При этом он смотрел на Ирму. Полина увела ее в коридор.
— Мы можем поговорить?
— Да, конечно. — Ирма испуганно взглянула на Полину. — Идемте к нам в комнату.
Полина все понимала — да, нельзя девушке с замужеством не измениться. Все меняются. Одни расползаются, как квашня, другие становятся клушками. Третьи, бывает, перестают внимание на себя обращать. Мол, вышла замуж, завлекать теперь некого. Но вот этот испуганный взгляд… Он не понравился Полине. И она, на правах давней знакомой, спросила:
— Как живешь, Ирма?
Та вновь так же странно взглянула на Полину, словно ждала подвоха.
— Нормально живу. А что?
— Ничего. Я не видела тебя давно. В клуб ты перестала ходить…

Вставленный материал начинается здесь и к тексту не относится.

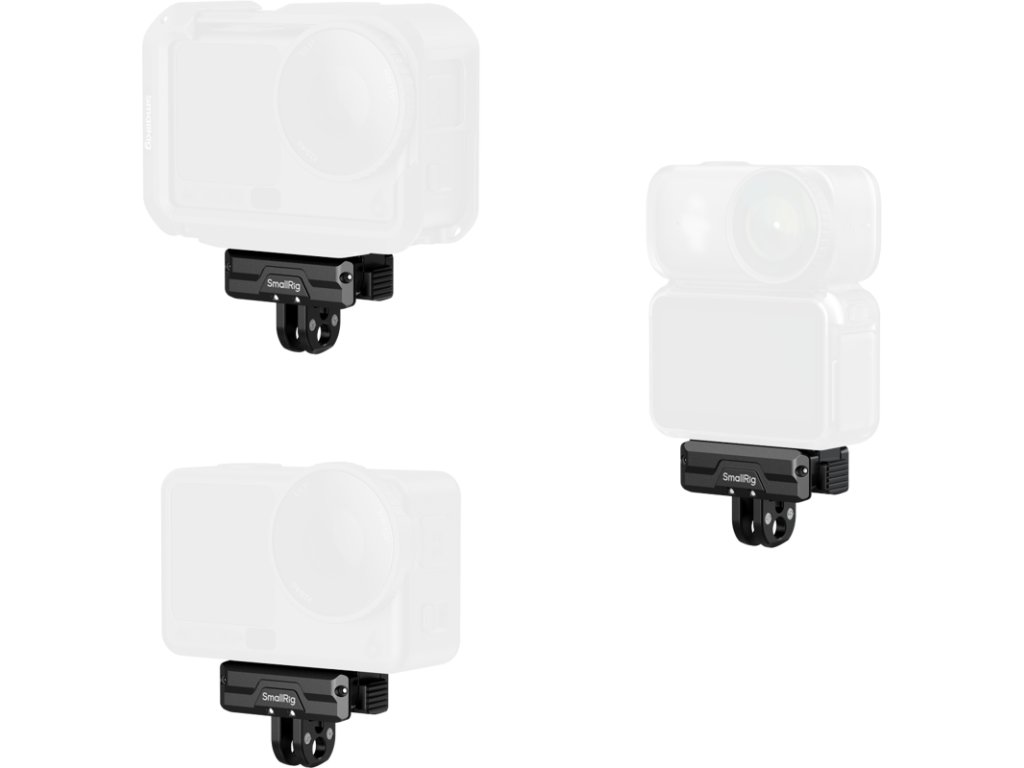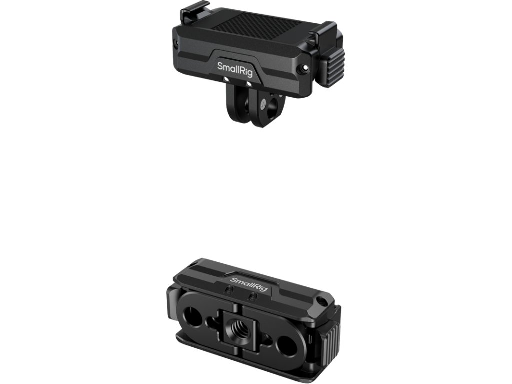 SmallRig 5890 Obousměrný sklopný adaptér s rychloupínáním, 2bodovým uchycením a závitovým otvorem 1/4"-20Je vyroben z odolné hliníkové slitiny, která zajišťuje spolehlivý výkon. Základna je vybavena závitovým otvorem 1/4"-20 pro snadné připevnění ke stativům, selfie tyčím, přísavkám, svorkám na řídítka a dalšímu příslušenství. Základna také obsahuje skládací 2-bodový držák pro širokou kompatibilitu s příslušenstvím pro akční kamery.Poznámka:Při použití magnetického adaptéru se ujistěte, že je pevně připevněn k kameře a že jsou oba zámky zapojeny, než jej připevníte ke stativům, selfie tyčím nebo jinému příslušenství.Magnetický adaptér nepoužívejte v mořské vodě, protože není vodotěsný, odolný vůči kyselinám ani korozi.Kompatibilita:DJI Osmo Action 6 a odpovídající kleceDJI Osmo NanoBalení obsahuje:Podpora adaptéruDoplňkové parametry
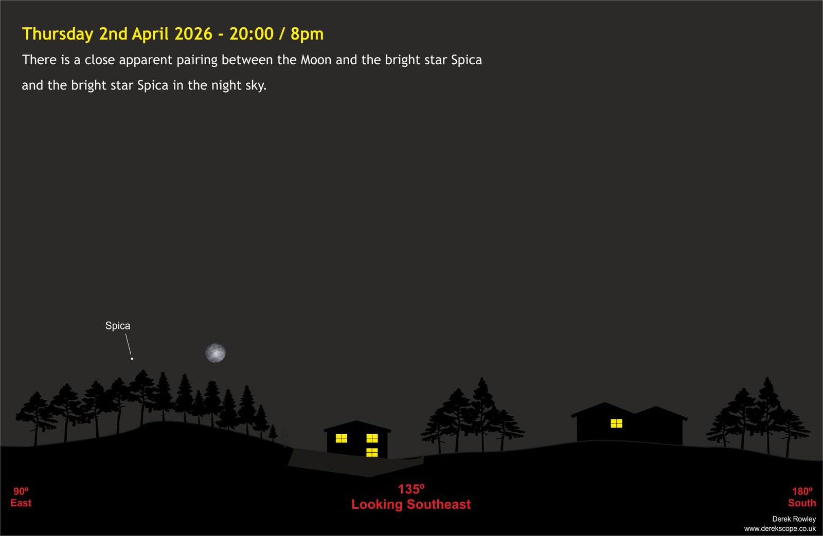 - Spica will be visible close to the Moon ~ easy to spot.
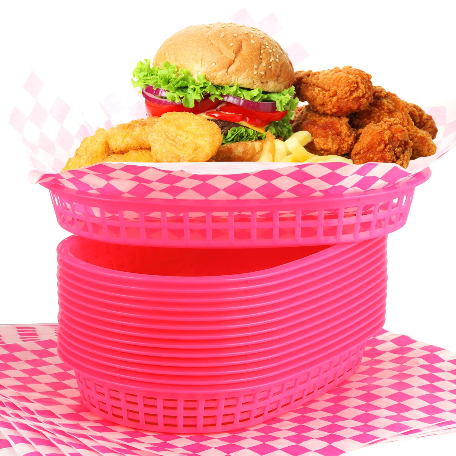 Uiifan 24 Pcs Fast Food Baskets with 100 Deli Liners Deli Baskets Food Baskets 10.5 x 7 Inch for Serving Burger Baskets Chip Baskets Service Basket Trays for Hot Dog Hamburger Bread Picnic (Hot Pink)
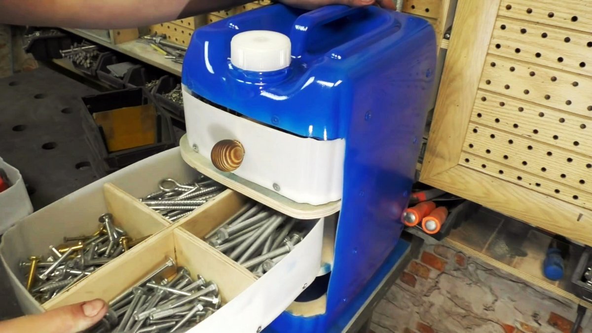 Как всего из 2-х канистр сделать достойный органайзер для мастерской Проблема хранения инструмента и метизов стоит остро для большинства владельцев гаражей или мастерских. Чтобы разложить все свое добро по полочкам, нужно изрядно потратиться на материал для их изготовления. Если средств на обустройство рабочего места не так много, тогда можно сделать отличный
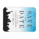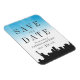 A custom set of save the date stamps to move to New York with a custom set of save the date magnets tailored to the New York wedding.
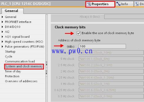 3、勾选“Enable the use of clock memory byte”选项并为时钟标志选定一个字节的地址;比如,“100”表示 MB100。时钟标志的每一位将被分配为不同频率的脉冲信号。
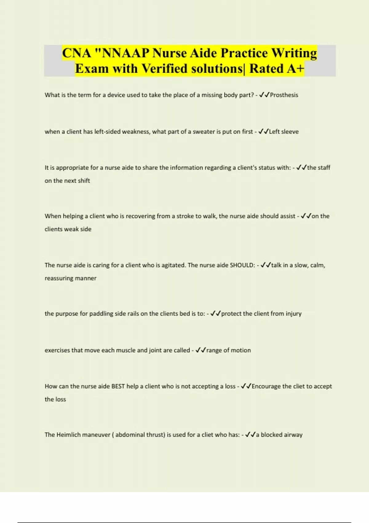 CNA "NNAAP Nurse Aide Practice Writing Exam with Verified solutions| Rated A+
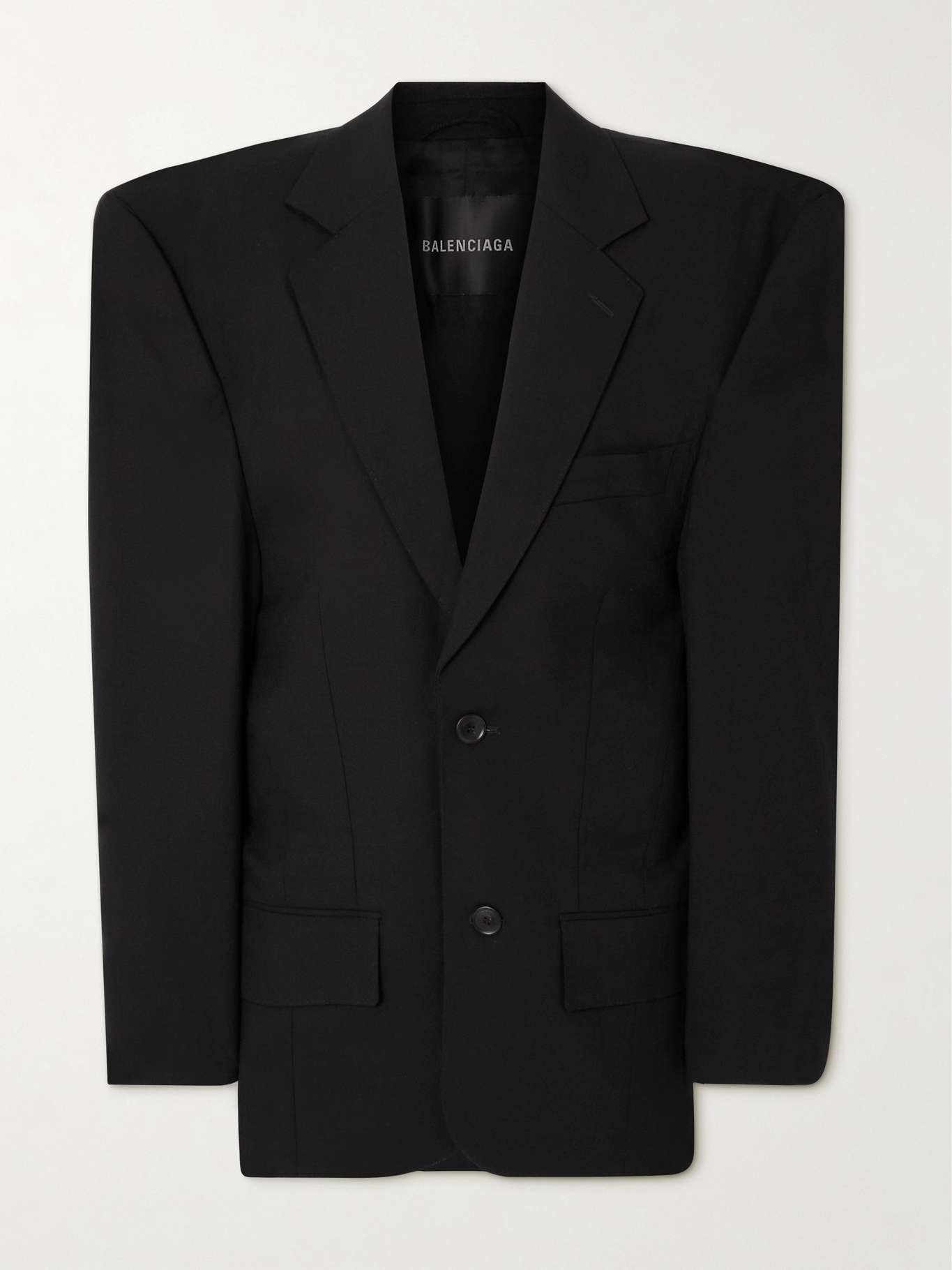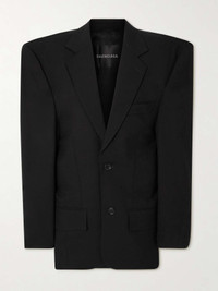 EDITORS'NOTES Balenciaga's blazer is cut in the boxy, oversized silhouette the label has been known for since its inception. It's tailored from wool with a double-button fastening. SIZE & FIT Balenciaga follows a height-based guide, please refer to below: - 0 = 5'1" (155 cm) - 1 = 5'3" (160 cm) - 2 = 5'5" (165 cm) - 3 = 5'7" (170 cm) - 4 = 5'11" (180 cm) - 5 = 6'0" (185 cm) - Fits true to size, take your normal size - Designed for an oversized fit, cut to be worn very loose - Internal shoulder pads - Mid-weight, non-stretchy fabric - Model is 177cm/ 5'10" and is wearing the designer's size 2 - Bust: 82cm/ 32" - Waist: 66cm/ 26" - Hip: 90cm/ 36" DETAILS & CARE - Black wool - Button fastenings through front - 100% wool, lining: 100% cupro - Dry clean

— Некогда, Полина Петровна. Ребенок маленький, сами знаете…
— Мама часто пишет? Как они там?
— У них все хорошо. Папа работает, брат тоже. Сестры учатся.
— Не скучают по России?
— Как не скучать? Скучают… Мама говорит, дом наш снится часто. И мне тоже снится.
— Ну а в гости?.. Они к тебе в гости не собираются?
И снова этот взгляд. Полина вроде бы ничего особенного не говорила, но сразу поняла: что-то не так.
Ирма неопределенно пожала плечами, так и не найдя что ответить.
— Дом у вас большой, места всем хватит. Ты пригласи. А то, я смотрю, ты сама-то заскучала.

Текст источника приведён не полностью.